Around 9,000 catalogues from more than 390 auction houses in Germany, Austria and Switzerland dating from 1901 to 1945 are now available online, a new resource that art-market historians and provenance researchers seeking to trace and identify Nazi-looted art say is invaluable to their work.
The project known as "German Sales", which began in 2010 and is now completed, is a cooperation between the Kunstbibliothek (art library) of Berlin’s state museums, Heidelberg University library and the Getty Research Institute in Los Angeles. Funding was provided by the Deutsche Forschungsgemeinschaft, the Volkswagen Foundation and the US National Endowment for the Humanities.
The art market in German-speaking countries was among the fastest-growing in the world at the beginning of the 20th century. The open access resource has been warmly received by scholars who would otherwise need to track down individual catalogues in scattered libraries and archives, often needing to travel there in person.
“Having thousands of auction catalogues on hand is priceless for a resource-intense and complex field such as provenance research, which entails looking at hundreds of catalogues for a single object at times,” says Lynn Rother, a provenance specialist at the Museum of Modern Art in New York.

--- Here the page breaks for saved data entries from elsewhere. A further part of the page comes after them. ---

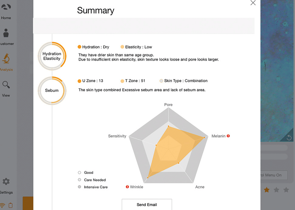 HUIDANALYSE IN ZAKFORMAAT De nieuwste generatie van huidanalyse is deze IONTO-SCOPE API 100. Het uitgangspunt is nog steeds een optimale huidanalyse voorafgaand aan uw behandeling om daarmee succesvol te kunnen behandelen. De IONTO-SCOPE API 100 gebruikt u in combinatie met een tablet, hierdoor is het voorheen ingebouwde scherm in de scope komen te vervallen. Op deze manier worden veel kosten bespaard en daarmee is de IONTO-SCOPE API 100 zeer interessant voor de portemonnee. De camera, die wordt gebruikt voor de professionele analyse van huid voor gezichtsbehandelingen zorgt voor haarscherpe beelden welke overzichtelijk in grafieken worden omgezet. Deze analyse en grafieken kunt u via de tablet samen met de klant bekijken. UITVOERING – FUNCTIES • Menu navigatie via App voor computer, tablet en smartphone • Geïntegreerde meet sensoren • Vergelijking van de beelden met opgeslagen waarden en beelden van eerdere metingen • Grafische, algemene evaluatie huidbeeld • Schermoverdracht per Wifi Levering: • Oplaadstation • 1 accu’s • USB kabel • 2 boxen met Sebumpapier Technische gegevens: Camera: 2 mega pixels Belichting: Normaal, polarisatie, UV Uitgang: Micro – USB
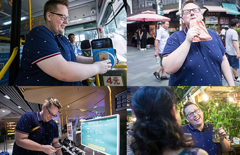 Visitors examine smart robots at the 3E-Beijing International Consumer Electronics Expo, July 8. The "3E" stands for electronic, entertainment and economic. The event began on Saturday, ending on Monday, featuring robots, augmented and virtual reality, drones, autonomous driving technology, intelligent hardware and e-sports. [Photo/VCG] |
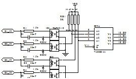 外部開關信號采集使用光耦(IC1,IC2只畫出其中四路)作電器隔離,光耦輸出端使用一個數據緩沖器74HC244(IC9)對光耦輸出信號進行緩沖后傳送到CPU的數據總線供CPU讀取。(見圖6)
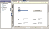I det här exemplet binds knappen Hämta post och listrutan till databasen (DataConnection) som visas på paletten Datavy till vänster. Ett FormCalc-skript är också kopplat till knappen. Skriptet hämtar information baserat på vilket artikelnummer som markerats i listrutan. Posterna som hämtas visas i fälten ID, ARTIKEL_NR, STYCKPRIS och BESKRIVNING.
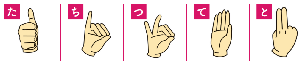 「た」は親指を立て、握りこぶしをつくる。親指の腹を相手に見せるように。
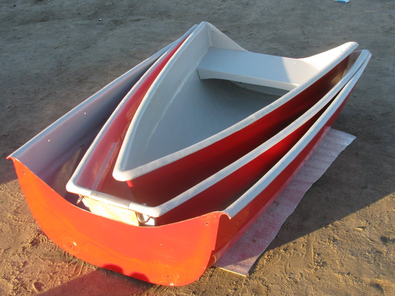 Лодка "Стрелец 460" . Длина 460 см ширина 96 см борт 37 см. Для двух человек и 50 кг багажа. Сделал для себя и друзей несколько штук в том числе трёх-секционную, чтобы возить в багажнике "универсала". На верхнем багажнике перевозится легко, 30 кг. Если кому-то интересно можно обсудить.
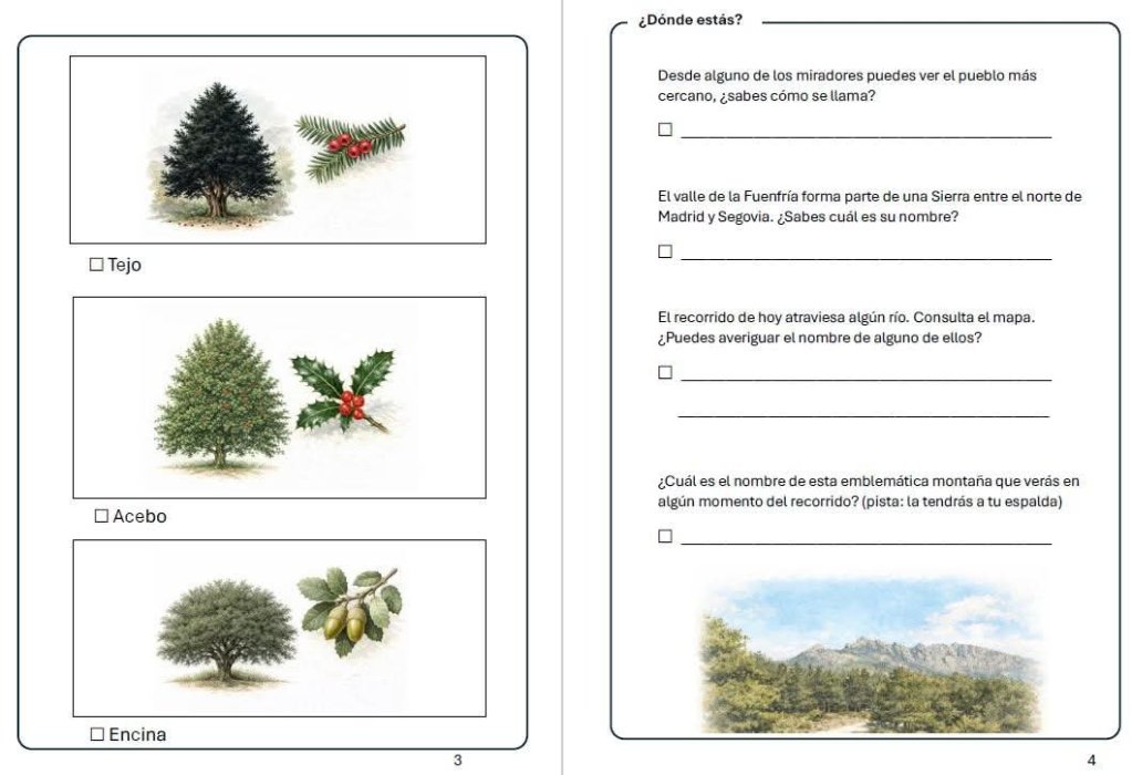 El recorrido también se puede hacer en familia. Cada ruta incluye un cuaderno imprimible con actividades para que los niños lo puedan rellenar por.el camino sin mirar a la pantalla
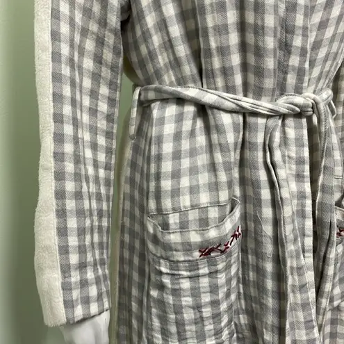 Super soft gray and cream checkered print robe with front pockets The pockets had decorative embroid... Show more

No single institution had preserved the entire catalogue output for auction houses between 1901 and 1945, although the Kunstbibliothek had a collection of about 2,600 catalogues and Heidelberg University Library possessed a further 2,380. The remaining 4,000 or so were tracked down by Kunstbibliothek researchers in 58 different libraries and museums.
There are plans to further extend the database by adding missing catalogues from 1901 to 1945, catalogues from the 19th century and further information on gallery sales.